Better understanding of the biophysical and biochemical cues of the tumor extracellular matrix environment that influence metastasis may have important implications for new cancer therapeutics. Initial exploration into this question has used naturally derived protein matrices that suffer from variability, poor control over matrix biochemistry, and inability to modify the matrix biochemistry and mechanics. Here, we report the use of a synthetic polymer-based scaffold composed primarily of poly(ethylene glycol), or PEG, modified with bioactive peptides to study murine models of lung adenocarcinoma.
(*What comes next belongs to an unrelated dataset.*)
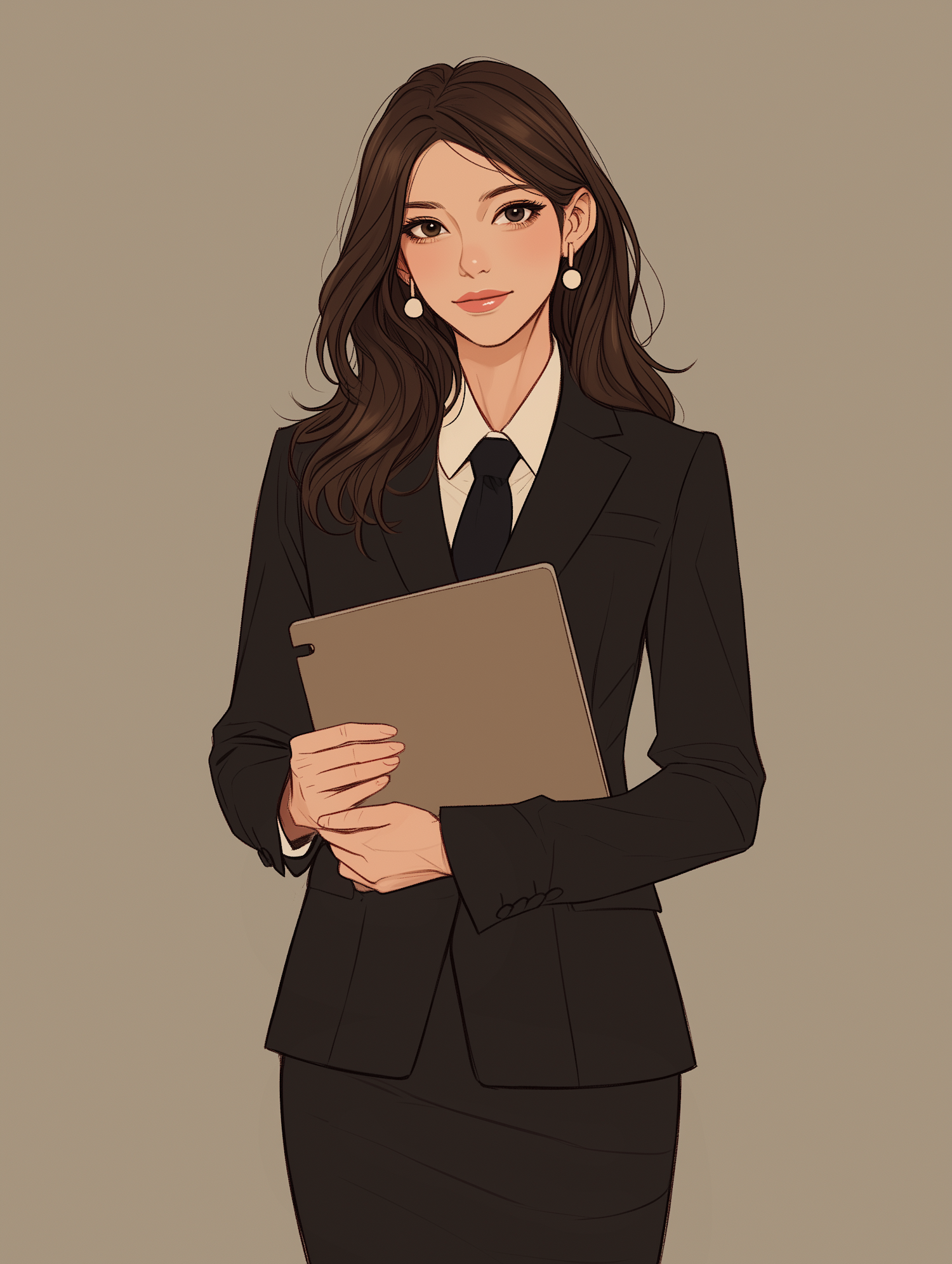 Illustration of a professional woman in a black suit holding a folder, exuding confidence and elegance.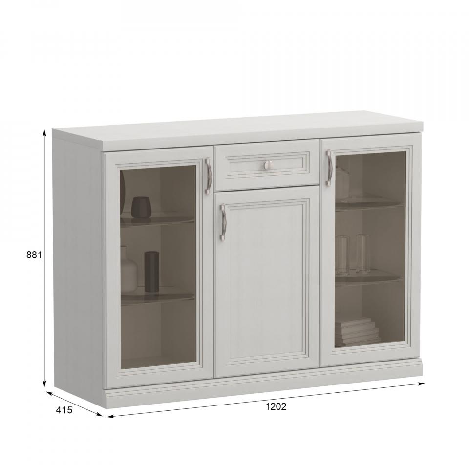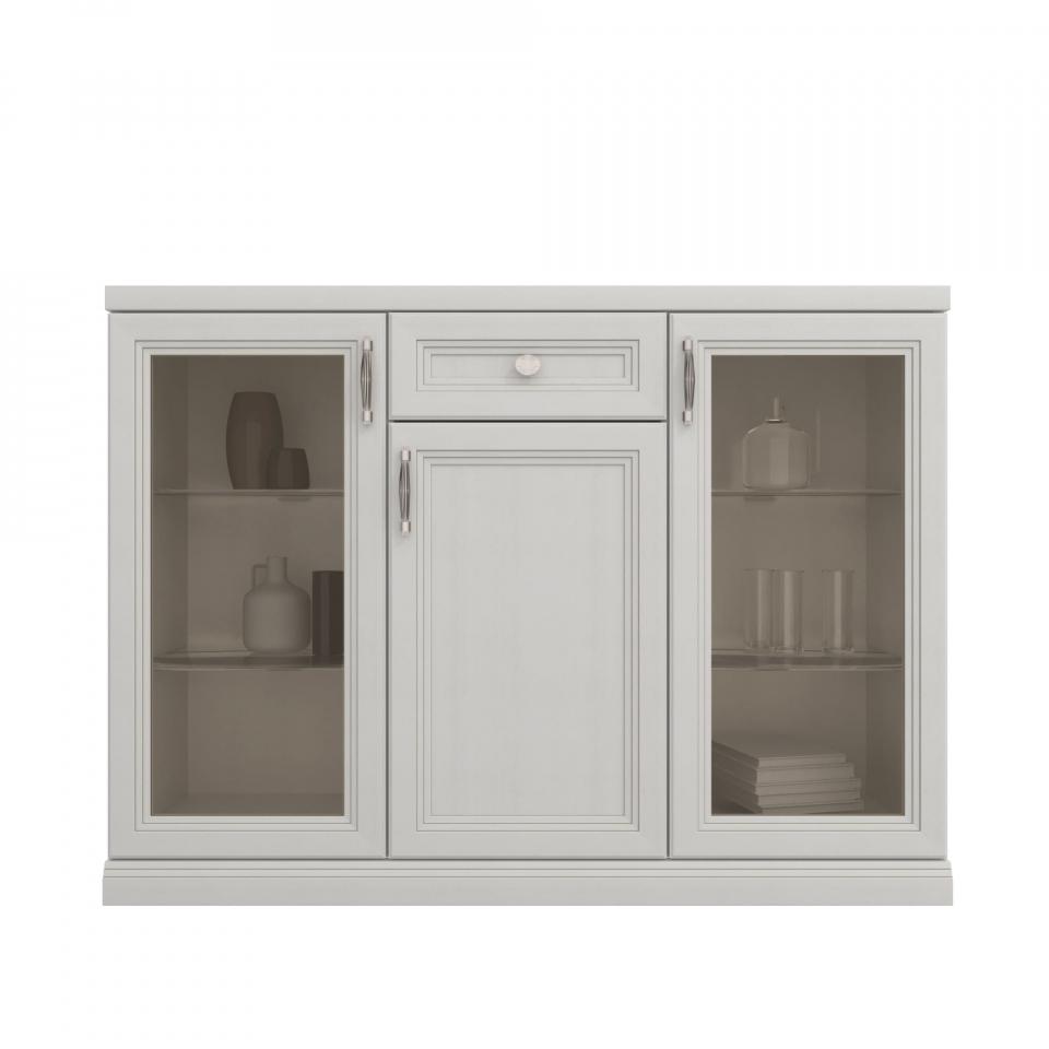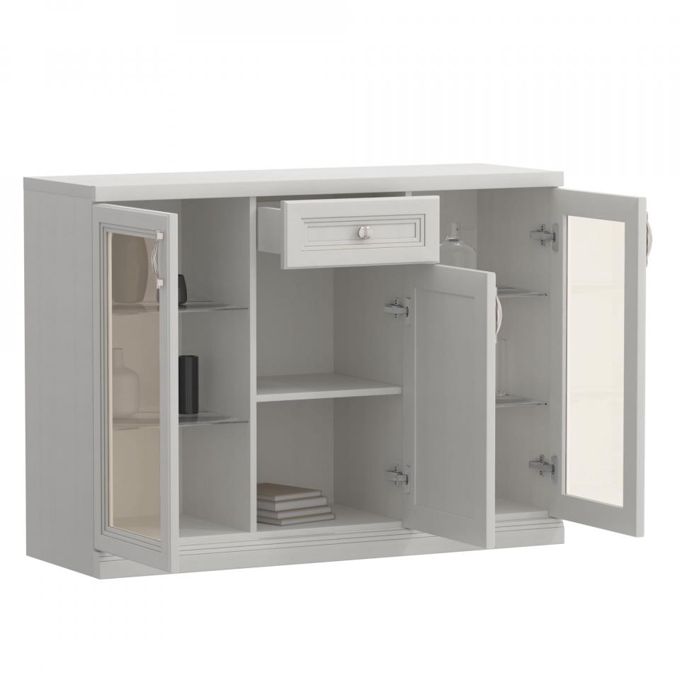 Витрины с подсветкой. По бокам расположены шкафы-витрины со стеклянными полками, на которые устанавливается подсветка. В них можно расставить предметы интерьера и ценные вещи, или использовать в качестве бара. Ящик и шкаф. По центру комода предусмотрен шкаф с полкой и небольшой выдвижной ящик для хранения вещей и аксессуаров. Петли с доводчиками. Двери закрываются плавно и бесшумно. Невидимые направляющие Квадро с доводчиками. Направляющие устанавливаются на дно ящика и при открывании не видны. Доводчики в системе обеспечивают плавное, бесшумное открывание и закрывание ящика. Внимание! Адаптер для работы подсветки в комплект не входит. Для подключения светильников необходимо выбрать шкаф или комод в вариантах исполнения «дп», «бп», «сп» с адаптером в комплекте.

In this study, we focus on matrix-derived influences on epithelial morphogenesis of a metastatic cell line (344SQ) that harbors mutations in Kras and p53 (trp53) and is prone to a microRNA-200 (miR-200)-dependent epithelial-mesenchymal transition (EMT) and metastasis. The modified PEG hydrogels feature biospecific cell adhesion and cell-mediated proteolytic degradation with independently adjustable matrix stiffness. 344SQ encapsulated in bioactive peptide-modified, matrix metalloproteinase-degradable PEG hydrogels formed lumenized epithelial spheres comparable to that seen with three-dimensional culture in Matrigel. Altering both matrix stiffness and the concentration of cell-adhesive ligand significantly influenced epithelial morphogenesis as manifest by differences in the extent of lumenization, in patterns of intrasphere apoptosis and proliferation, and in expression of epithelial polarity markers. Regardless of matrix composition, exposure to TGF-β induced a loss of epithelial morphologic features, shift in expression of EMT marker genes, and decrease in mir-200 levels consistent with EMT. Our findings help illuminate matrix-derived cues that influence epithelial morphogenesis and highlight the potential utility that this synthetic matrix-mimetic tool has for cancer biology.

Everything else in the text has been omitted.